John: Enjoy the writing. People will try to tell you that writing is painful, long, hard, work, that ink is blood, that only an insane person would put himself through so much struggle. How ridiculous.
John: Writing is fun. If you don’t think writing is the most enjoyable thing to do, then perhaps you should take up playing the viola or gardening or golf or cooking or macramé. Also: develop the skin of a rhinoceros when it comes to rejection. Also: invest in a sizable waste-paper basket for rejection slips and first drafts.
Morgen: Or in my case red and blue display books, and shredder respectively. What do you like to read?
John: Well-crafted fiction. Stories by Alice Munro, Charles Baxter, or Jane Gardam.

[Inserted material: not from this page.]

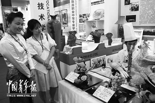 9月21日,在2012中国-东盟职业教育联展上,南宁职业技术学院烹饪工艺与营养专业学生精美的糖艺作品吸引了来自泰国的师生参观交流。 本报记者 谢洋摄

Novels by Louise Erdrich, Richard Bissell, John Darnton.
Morgen: I’d definitely agree with Alice Munro – I think I have everything she’s had published. I’m not familiar with the others. Are there any writing-related websites and / or books that you find useful and would recommend?
John: For some reason I have never read a how-to-write book, even though I teach creative writing.
Morgen: That’s OK. I have more of them than I’ve read (or should I say “dipped into”) but it’s the writing that gives you the practice. I think you have to find your own way, hand-held by the ‘experts’.
John: I believe the best instruction is a balanced diet of real life and good reading. Curiously, though, I wrote (and self-published) a successful how-to-write book, Structure, Style and Truth: Elements of the Short Story.
Morgen: You mentioned earlier that you’re based in California, do you find this a help or hindrance with letting people know about your work?
John: I do, but I didn’t choose it for the sake of my writing career.
Morgen: Are you on any forums or networking sites? If so, how invaluable do you find them?
John: I’m on Facebook.
Morgen: Me too. :) Where can we find out about you and your work?
John: My home page is www.johnmdaniel.com. You’re also welcome to visit my blog: blog.johnmdaniel.com. Also, check out my author page at: amazon.johnmdaniel.com. I also invite people to contact me directly at email@example.com.
Morgen: What do you think the future holds for a writer?
John: I have a good deal of trouble keeping track of the present. That’s why I write about things that happened in the past. I’ll accept the future when it arrives, only because I have no choice in the matter.
Morgen: Is there anything else you’d like to mention?
John: Storytelling is arguably the oldest art form in human culture. Relish that. Style makes that art form your own. Style gives wings to your words. Style’s best trick: irony. Irony is like life.
Morgen: Indeed, sometimes too uncanny (or should that be canny). :) Thank you John. Would you like to finish off by providing an extract of your writing?
John: Here’s the opening paragraph from my new book, Behind the Redwood Door, published this month (November 2011):
Just as the sun was coming up on the morning of Friday, June 18, 1999, there was a break in the clouds, and Carol and I went out for a walk along the nature trail by the ocean, down the road from our house. The rising sun lit up the waves and brightened the snow-white egrets wading in the lagoon. The band-tail pigeons had come back to roost on the skeleton of their wind-whipped tree. And out there, over the ocean, we saw a pair of ospreys mating in the air, doing their circle dance for what seemed like ten minutes, then coming together high in the sky and clasping each other’s claws as they went into a downward spiral, breaking their bodies apart just before they hit the water, then flying up and away together, heading for the forest to the south. “God,” Carol said. “I want to do that!”
Morgen: If only. :)
John M. Daniel is the author of ten published books, including the Guy Mallon Mystery series. He lives in Humboldt County, California, with his wife, Susan. The Daniels own, and are owned, by a small-press publishing company.